Pour le 50e anniversaire (2011), Six Flags Over Texas a présenté la première piste de montagnes russes I-Box avec une transformation de Texas Giant. La réception de la conversion a conduit le fabricant à apporter la nouvelle technologie dans le monde entier. [14] Pendant ce temps, Six Flags (la société) a commencé le processus à l'échelle de l'entreprise de suppression des thèmes sous licence dans ses parcs à thème des attractions que le parc avait construites les années précédentes. Par exemple, Six Flags Over Texas a dû renommer et renommer Big Spin de Tony Hawk en Pandemonium. [15] [16]

En 2020, le parc a commencé, pour la première fois de son histoire, à fonctionner toute l'année. [17] Avant 2020, Six Flags Over Texas a couru des saisons de mars à la fin de cette année spécifique. Dans les trois mois de la saison plus longue (13 mars 2020), Six Flags a suspendu toutes ses opérations dans toutes ses propriétés en raison des inquiétudes liées à la pandémie de COVID-19 au Texas. [18] Pendant la fermeture, le parc a fait don de nourriture et de fournitures à des œuvres caritatives locales. [19] Le 4 juin, Six Flags a annoncé que le parc rouvrirait le 19 juin aux membres et aux détenteurs d'un abonnement de saison, et au grand public le 22 juin. [20] [21]

Montagnes russes Modifier

En juin 2021 [mise à jour], Six Flags Over Texas propose 13 montagnes russes. [22]


Ce jour dans le sport

  • 1953 - Johnny Mize des Yankees de New York obtient son coup sûr de 2 000
  • 1968 - Lee Trevino est le 1er à jouer les 4 rondes de l'US Open sous le par
  • 1983 - Charlos Vierira termine 191 heures de vélo non-stop à Leiria Portugal
  • 1984 - Edwin Moses remporte sa 100e course consécutive de 400 mètres haies
  • 1985 - Willia Banks établit un record de triple saut de 58 pieds 11 pouces à Indianapolis
  • 1991 - Otis Nixon vole 6 buts en 1 jour
  • 1992 - Mark Reardon des Red Sox établit le record de 342 arrêts

Ce jour dans l'histoire : 16/06/1884 - Premières montagnes russes américaines - HISTOIRE

- Walt Disney
Dédicace de Parc Disneyland, 17 juillet 1955


Walter Elias Disney & ndash Photo & copie Walt Disney Company.
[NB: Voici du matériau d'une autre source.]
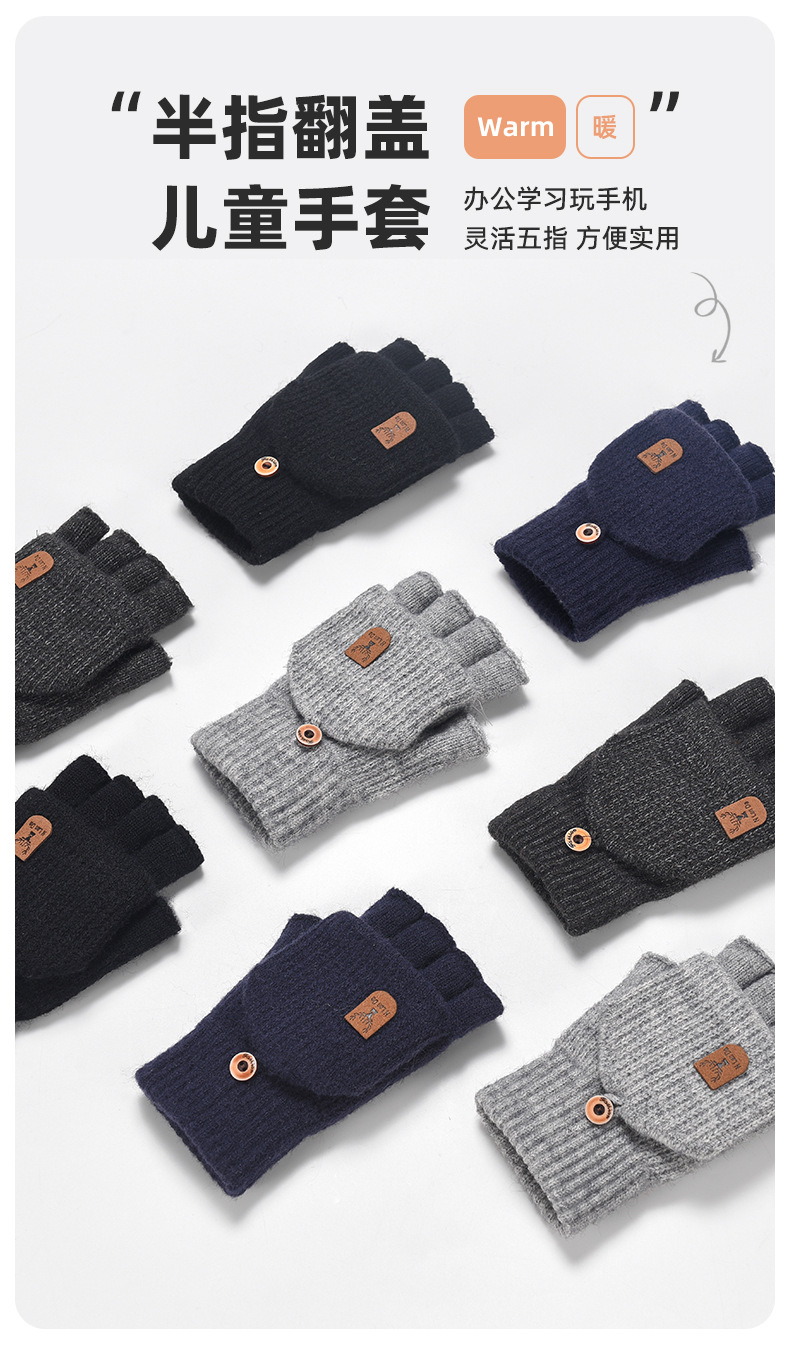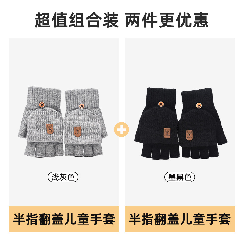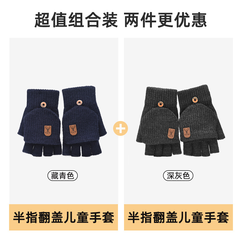 어린이 방한 장갑 겨울 소년의 숙제 플립 커버 반 손가락 기모 따뜻한 장갑 소녀 냉동 방지 다섯 손가락 세트스토어 가기

Aucune histoire des montagnes russes ne peut se faire sans invoquer l'histoire de Walt Disney et sa contribution à l'industrie des parcs d'attractions. Son parc, Disneyland, a enfreint toutes les règles d'un parc d'attractions et a donné une nouvelle vie à l'industrie. Un manège qui a fait ses débuts là-bas a changé à jamais le développement des montagnes russes. Il y a un débat pour savoir si Disneyland était ou non le premier parc à thème, un argument que j'examinerai plus tard dans cette section.


Les feux d'artifice de Fantasy in the Sky explosent dans le ciel nocturne au-dessus du château de la Belle au bois dormant à Disneyland. &copier Disney

La légende raconte que Disney a eu l'idée de Disneyland pour la première fois en visitant un parc d'attractions dans les années trente et a été consterné par les manèges rouillés et la saleté à mi-chemin. Grâce à toutes mes recherches, j'ai trouvé cette épiphanie à plusieurs reprises, mais aucun compte ne pourrait fournir une source primaire. Jusqu'à ce que de nouvelles sources puissent être trouvées, cela devra être considéré comme une autre rumeur sur la création de Disneyland.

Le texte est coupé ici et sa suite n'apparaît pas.